Tanzania’s Next Leader to Face Predecessor’s Covid Denialism
(Bloomberg) -- Tanzania’s response to the coronavirus will be one of the key issues facing the successor to deceased President John Magufuli, whose unorthodox response to the disease ilicited international consternation.
Under Tanzania’s constitution, 61-year-old Vice President Samia Suluhu Hassan is set to take over from Magufuli and serve out his term, which was due to end in 2025.
Magufuli, who died on Wednesday, dominated policy making in the southeast African nation after taking office in 2015, centralizing control in his office and appointing allies to key government posts. His death could create a power vacuum in the ruling party, delay or scupper key projects and foreshadow a rethink on the government’s handling of the pandemic.
These are some of the key issues to watch:
By succeeding Magufuli, Hassan would be the first woman to become president in the six-nation East African Community economic bloc.
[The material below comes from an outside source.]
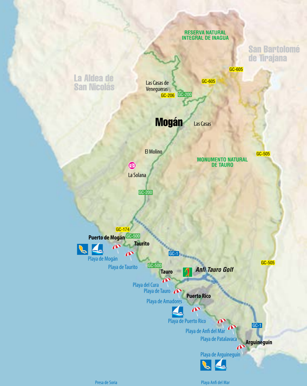
Presa de Soria

Magufuli’s running mate in 2015, Hassan became vice president when he took power and retained her post after he won a second term in October. Her reputation as a moderate, consensus-building politician is starkly different to Magufuli’s -- he was known for his abrasive leadership style that earned him the nickname of ‘The Bulldozer.’
Should Hassan be unable to assume the presidency, the next in the succession line is National Assembly Speaker Job Ndugai. Ultimately, the ruling Chama Cha Mapinduzi party will determine who wields power once the dust has settled after Magufuli’s death.
Magufuli’s successor will need to decide whether or not to reverse course on his controversial Covid-19 strategy, roll out vaccines and enforce the wearing of face masks to bring the disease under control.
The former president drew widespread criticism for his approach -- he declared the country free of the coronavirus, banned the publication of infection data and urged people to pray to safeguard their health.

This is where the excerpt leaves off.